It is with great pleasure that I am able to say Spring Is Here In NEO. Rick takes full responsibility for the brief return to Winter a while back, caused by him putting all the snow shovels away despite my warnings. (It was that night that the snow fell, too!) Yesterday, Easter, was full of sunshine, warm breeze, birdsong, and lots of trash talk during the front-yard wiffle ball and kickball games at my sister Patti's house. All eleventy thousand of us were there, and St. Patsy was in her glory.
On Saturday Rick and I had spent part of that Springy day evaluating the yard. My chives are up, along with my French tarragon, spicy oregano, and sage. The thyme, which had sprawled out into half of the plot, had not fared as well. I pulled it all up but a softball-sized clump which looked sickly and sad. I guess we'll see what happens. Both pond fish, Frigidaire-Ziploc and Tina, had managed to survive the winter and were sluggishly moving about in the cold, brackish water. "I know just how you feel," I told them.
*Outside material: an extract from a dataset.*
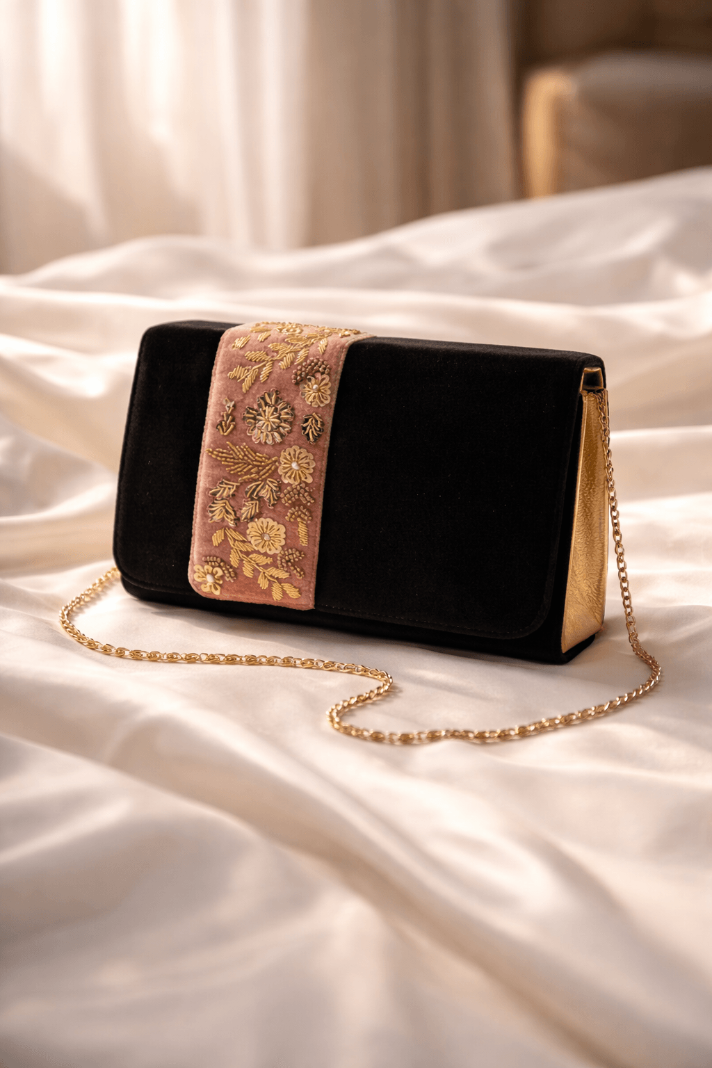 Réalisée avec patience et précision, cette création marie un velours noir profond à une bande en rose poudré délicatement brodée de motifs floraux dorés.
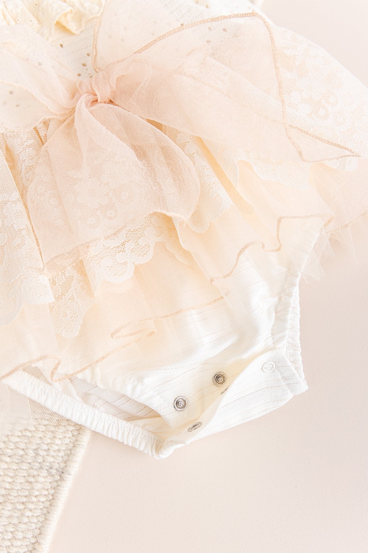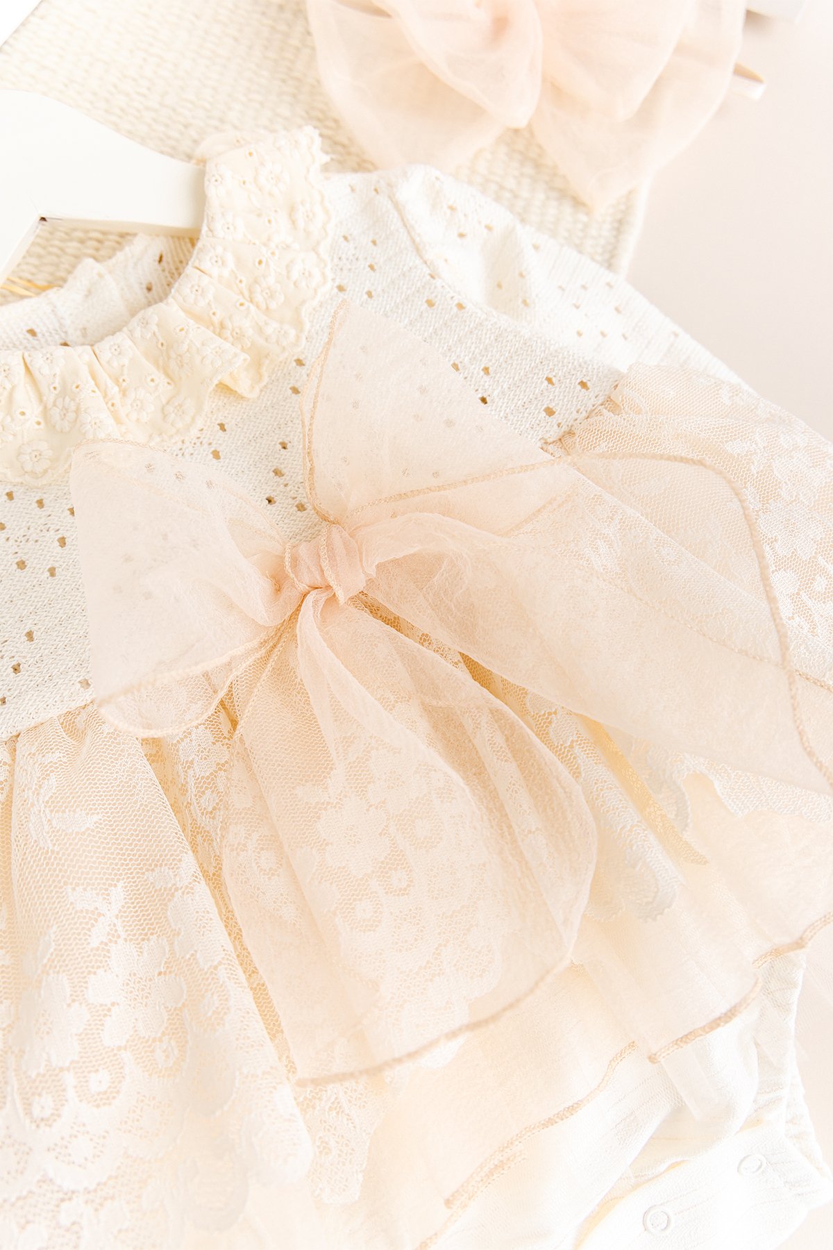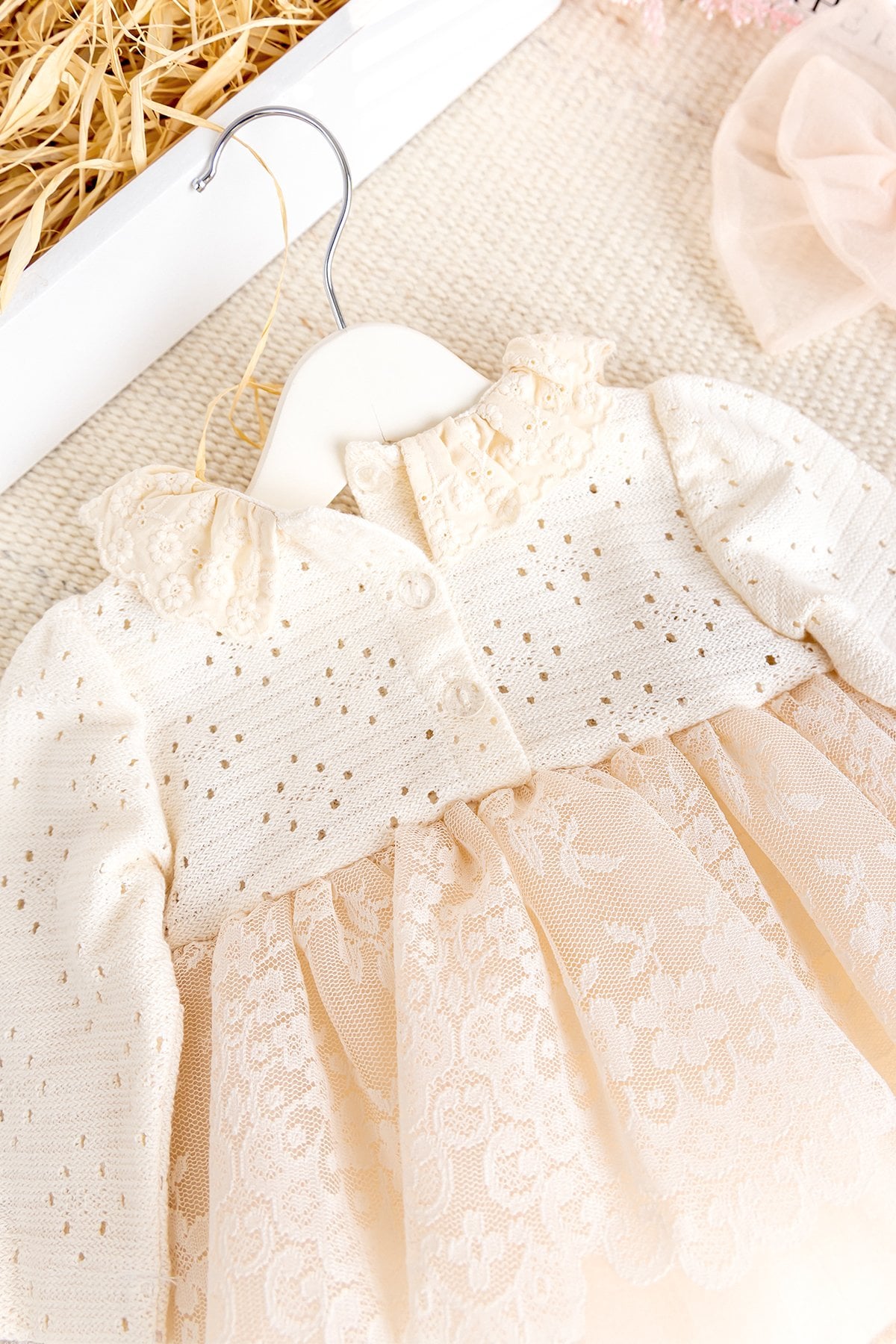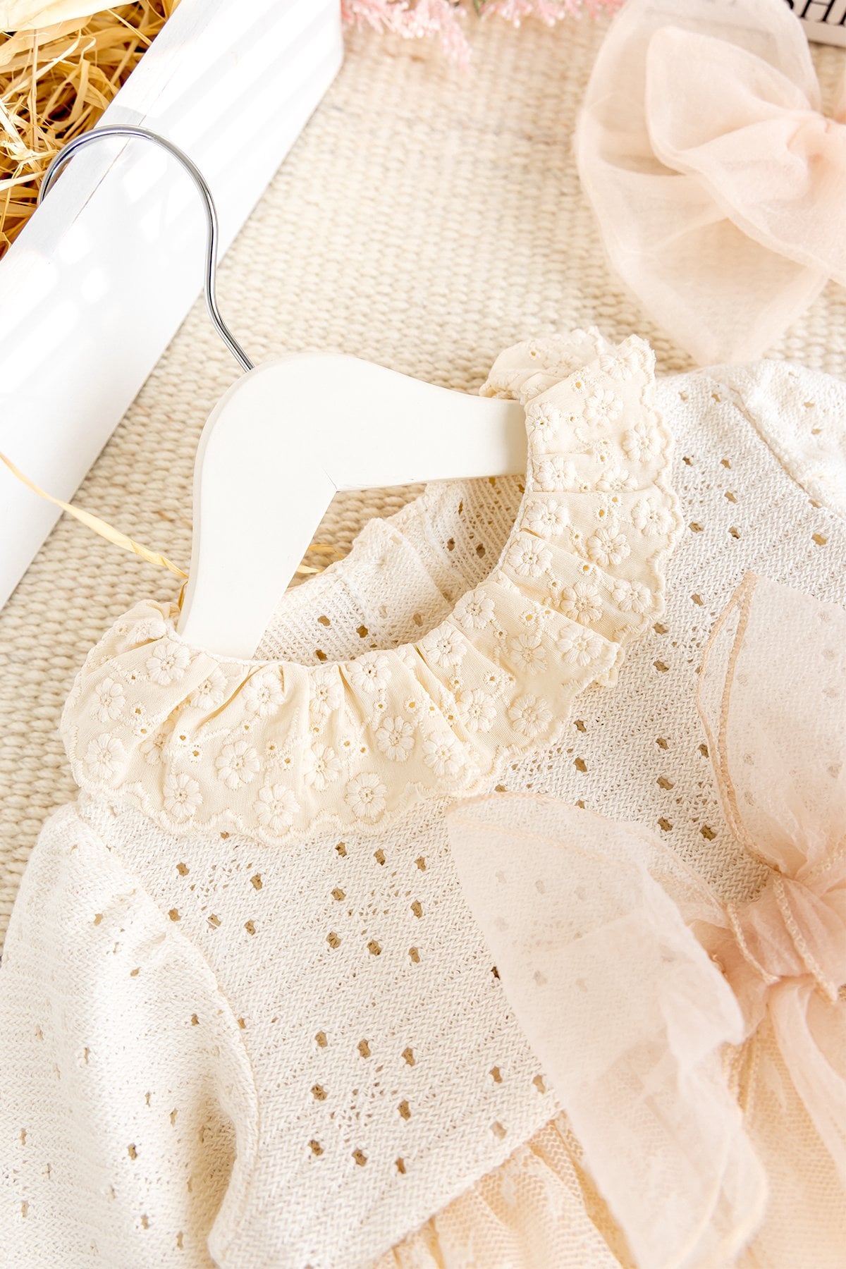 - Bebek elbisenin bel kısmı güpürlü fır fırlı süslemelidir

It makes me feel silly and a little ashamed to say that this was a tough winter for me. After all, what did I have to do but wake up, eventually get dressed, and putter around, occasionally running some errands? Did I have to go to work every single day, brave the cold, shovel the snow, wrangle little kids to daycare, worry about anything, really? No. Honestly, I didn't. I had the life of A Kept Woman, by and large, and I could stay at home in the warmth and drink warm things and keep things tidy and cuddle the cats and read and wait for Rick to come home. How tough is that?
But as soon as Spring began its slow approach, I felt restless. It was almost instinctive, inborn, a genetic urge that made me feel a slight irritation. A sort of undercurrent, a thrumming, started in my nerves. I felt trapped and cornered. I wanted to drive, get away, go away, see something, do something. I needed to travel, to jaunt away for a bit. You know how if you have an old plant that starts doing poorly for no reason, you give the bottom of the pot a good knock and it shakes it up a bit, and it snaps to? That's what a road trip can do for me. It gets me snapped out of my post-winter funk.
So, I'm headed out tomorrow to see a friend in Maryland. It has been a million years since we've spent time together, but I have a feeling that we'll be able to pick up right where we left off. That's the great thing about friendships. Like herbs in a garden, the strongest ones can lie fallow under the worst conditions, but be vibrant and alive when the sun shines warmly again.